Когда говоришь о количестве и разнообразии живописных работ Раттнера, то, даже соотнося его творчество с Библией, не передаешь полностью то религиозное чувство, которое оно содержит, так мне кажется. Я уже мимоходом отметил моральный аспект, сопутствующий его творчеству, — он, конечно, не доминантный, а скорее субдоминантный. А вот о чем я еще не упомянул, так это о мистическом оттенке, который лежит на всем, чего коснулась его кисть. Как все большие мастера, Раттнер на голову выше своих современников. Но, в полной мере выражая свое время, он также предвосхищает будущее.
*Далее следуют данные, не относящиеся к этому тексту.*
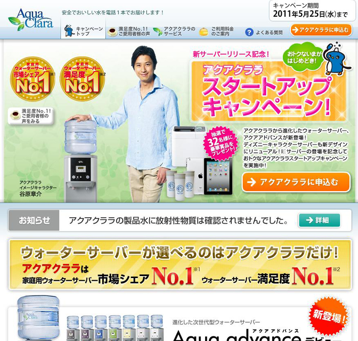 福島第1原発の放射能漏れ事故の影響で東日本の各地で水道水から放射性物質が見つかり、東京都でも乳児の摂取基準を上回る濃度の放射性物質が検出された。発表を受けペットボトル入り飲料水の需要が一気に高まり、一時的にスーパーやコンビニエンスストアの棚が空になる事態となった。現在、パニックとも呼べる状態は緩和されつつあるものの、"安全な水"に対するニーズは急速に高まっているようだ。

Он отчетливо сознает, что нечто новое маячит вдали и это новое — из области духа, живительная, а не мертвая сила. Многое в его творчестве передает страдание и растерянность современного человека, но есть в его картинах нечто, из чего пробиваются живые побеги, — и это человек будущего, будущая жизнь. Знание о наступлении конца времен может его опечалить, но никогда не приведет в смятение или уныние. Он человек, который верит, верующий человек, и верит он в человека.
Недавно в свободное время я читал «Историю культуры нашего времени» Эгона Фриделла. Говоря о конце Средневековья, он явно сравнивает два времени — Чумы и наших Мировых войн. В отрывке, где говорится о «сверхдуше», я прочел:
«Материализм и нигилизм могут означать две антагонистические силы в двойственной душе этих столетий, но здесь вопрос заключается в чем-то большем, в сверхдуше, которая свободно и непостижимо, в блаженной тайне парит над временем. Имя этому было мистицизм. Судя по всему, тогда миром правил дьявол, люди в это верили, да и нам трудно избавиться от этого чувства. Но это не так: правда в том, что он никогда не правил и не правит миром. Бог и тогда был так же могуществен, как и сейчас. Как и всегда, он жил в душе заблудших, мятущихся людей. Именно тогда из глубин человеческих душ выплеснулась новая страстная и жаркая вера... Все религиозные явления того времени выросли из одного общего желания вернуться к Богу — не к Богу церковников, спрятанному под тысячей ненужных ритуалов и оплетенному сетью хитроумных силлогизмов, а к глубокому, чистому, спокойному источнику — началу всего живого...»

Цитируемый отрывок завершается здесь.